Let’s see how we can use a mock filesystem to imitate HDFS and read an ORC file from an S3Object
.
Converting an ORC file to JSON using a mock filesystem
We’re going to use a mock filesystem found in Apache’s ORC test implementations.
Suppose we want to write a function that takes in an S3Object
and returns a JSON string of the data in the ORC file.
Let’s take a look at the steps and function to get an idea of how we plan to achieve this, then we’ll go through the four extra files needed to make it happen.
- Obtain byte array of the ORC file contents in S3
- Add this byte array to our mock filesystem
- Read the byte array from the mock filesystem
- Convert contents to a JSON string
- Profit
import com.amazonaws.services.s3.model.S3Object;
import java.io.InputStream;
import java.io.StringWriter;
import org.apache.hadoop.conf.Configuration;
import org.apache.hadoop.fs.Path;
import org.apache.orc.OrcFile;
import org.apache.orc.Reader;
import org.apache.orc.impl.MockFileSystem;
import org.apache.orc.tools.convert.OrcToJson;
String orcToJsonString(S3Object object) throws Exception {
// Step 1
InputStream stream = object.getObjectContent();
byte[] streamBytes = stream.readAllBytes();
// Step 2
Configuration conf = new Configuration();
MockFileSystem fs = new MockFileSystem(conf, streamBytes);
// Step 3
Reader reader = OrcFile.createReader(
new Path("/foobar"),
OrcFile.readerOptions(conf).filesystem(fs)
);
// Step 4
StringWriter contents = new StringWriter();
OrcToJson.printJsonData(contents, reader);
// Step 5
return contents.toString();
}
The following four files can be used to read an ORC file from S3.
MockFileSystem
Our mock filesystem will extend Hadoop’s FileSystem
class, which can be implemented as a local filesystem for testing purposes.

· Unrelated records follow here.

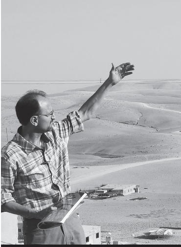
Firingzone 918 mit UN OHCHR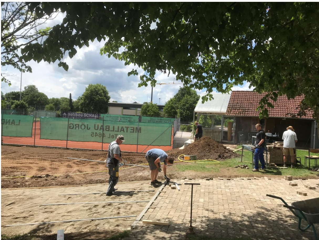
und natürlich gesägt und eingepasst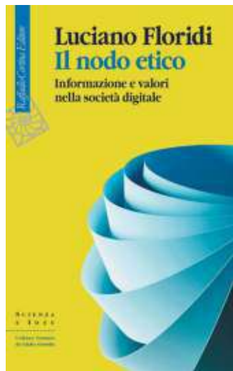
Luciano Floridi "Il nodo etico" Raffaello Cortina Editore pp. 416, € 25

Luciano Floridi, una delle voci più autorevoli della filosofia contemporanea, è direttore del Digital Ethics Center e professore nel programma di Scienze cognitive all'Università di Yale. Dal 2021 è professore presso il dipartimento di Scienze giuridiche dell'Università di Bologna. Tra i vari premi e riconoscimenti, nel 2022 è stato nominato Cavaliere di Gran Croce OMRI dal presidente Mattarella per il suo lavoro fondamentale in filosofia. Per Raffaello Cortina ha pubblicato "La quarta rivoluzione" (2017), "Pensare l'infosfera" (2020), "Il verde e il blu" (2020), "Etica dell'intelligenza artificiale" (2022) e "Filosofia dell'informazione" (2024)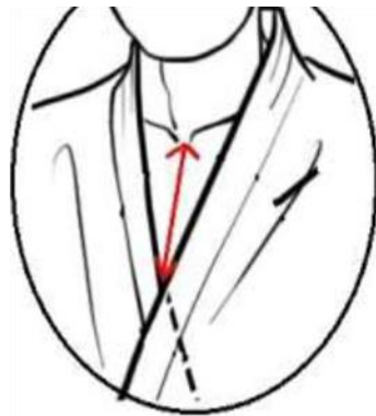
図 2 拡大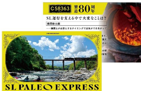
オリジナル列車カード③ イメージ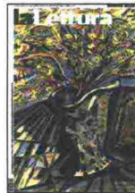
La copertina della Lettura del 31 dicembre 2017 disegnata da Paolo Conte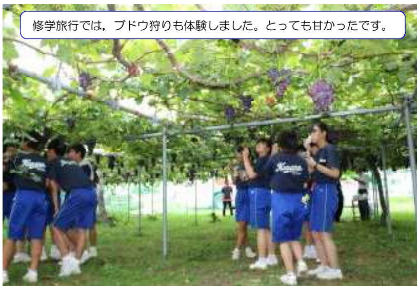
修学旅行では、ブドウ狩りも体験しました。とっても甘かったです。

新型コロナウイルスは、未だ収束には至っていませんので、県内の感染状況を注視するとともに感染症対策を万全にしながら、これらの学校行事を無事に開催できるよう努めて参ります。保護者の皆様のご理解とご協力をお願いします。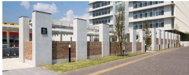
レンガを再利用した駐輪場の壁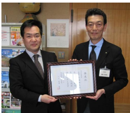
3/13 推薦状交付:知事室にて 荒木会長と知事室長岡本天津男氏

広瀬氏は、知事として「健康寿命をのばす。」と宣言され「高齢者の元気作り」を積極的に進めています。「障害者実雇用率トップ」「子育て満足度日本一」を掲げ県政を推し進めています。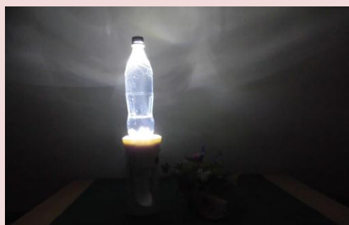
ペットボトル使用時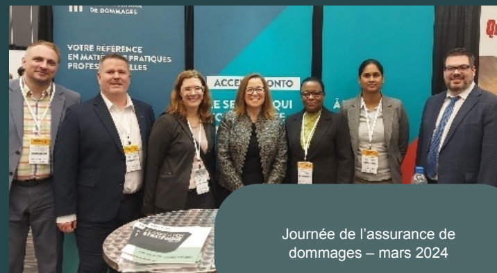
Journée de l'assurance de dommages – mars 2024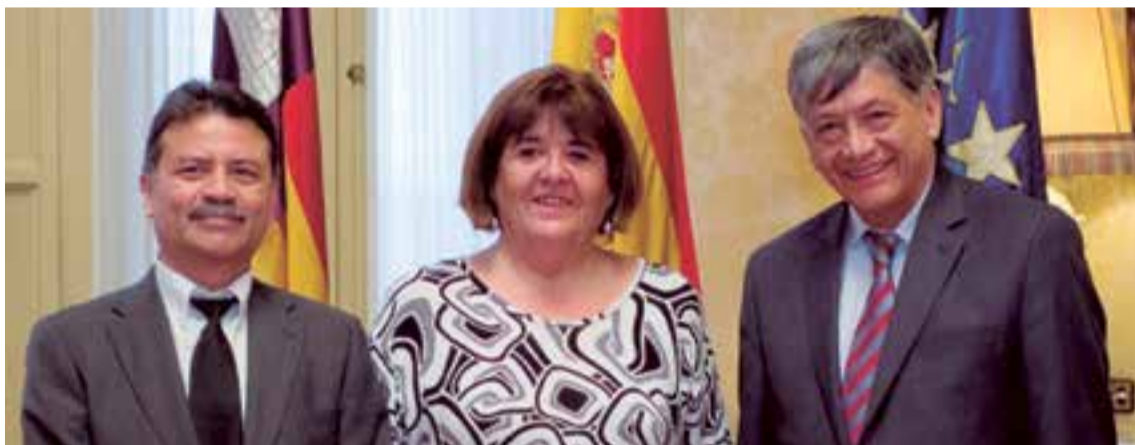
Los representantes del Ejecutivo ecuatoriano durante la visita a la presidenta del Parlament, Xelo Huertas

We’ll copy this MockFileSystem
class from Apache’s ORC repository.
However, we’ll modify the constructor to accept a byte array streamBytes
, which will represent the contents of the S3Object
(our ORC file).
Let’s follow Apache and place this
MockFileSystem.java
class in a packageorg.apache.orc.impl
.
package org.apache.orc.impl;
import java.io.IOException;
import java.net.URI;
import java.net.URISyntaxException;
import java.util.ArrayList;
import java.util.List;
import org.apache.hadoop.conf.Configuration;
import org.apache.hadoop.fs.FSDataInputStream;
import org.apache.hadoop.fs.FSDataOutputStream;
import org.apache.hadoop.fs.FileStatus;
import org.apache.hadoop.fs.FileSystem;
import org.apache.hadoop.fs.Path;
import org.apache.hadoop.fs.permission.FsPermission;
import org.apache.hadoop.util.Progressable;
public class MockFileSystem extends FileSystem {
final List<MockInputStream> streams = new ArrayList<>();
byte[] streamBytes;
public MockFileSystem(Configuration conf, byte[] streamBytes) {
setConf(conf);
this.streamBytes = streamBytes;
}
@Override
public URI getUri() {
try {
return new URI("mock:///");
} catch (URISyntaxException e) {
throw new IllegalArgumentException("bad uri", e);
}
}
@Override
public FSDataInputStream open(Path path, int i) throws IOException {
MockInputStream result = new MockInputStream(this, streamBytes);
streams.add(result);
return result;
}
@Override
public FileStatus getFileStatus(Path path) {
return new FileStatus(streamBytes.length, false, 1, 4096, 0, path);
}
void removeStream(MockInputStream stream) {
streams.remove(stream);
}
int streamCount() {
return streams.size();
}
@Override
public FSDataOutputStream create(
Path path,
FsPermission fsPermission,
boolean b,
int i,
short i1,
long l,
Progressable progressable
) throws IOException {
throw new IOException("Can't create");
}
@Override
public FSDataOutputStream append(Path path, int i, Progressable progressable)
throws IOException {
throw new IOException("Can't append");
}
@Override
public boolean rename(Path path, Path path1) {
return false;
}
@Override
public boolean delete(Path path, boolean b) {
return false;
}
@Override
public FileStatus[] listStatus(Path path) {
return new FileStatus[0];
}
@Override
public void setWorkingDirectory(Path path) {}
@Override
public Path getWorkingDirectory() {
return new Path("/");
}
@Override
public boolean mkdirs(Path path, FsPermission fsPermission) {
return false;
}
}
MockInputStream
You might have noticed that MockFileSystem
references a MockInputStream
object. This is also defined in the ORC tests.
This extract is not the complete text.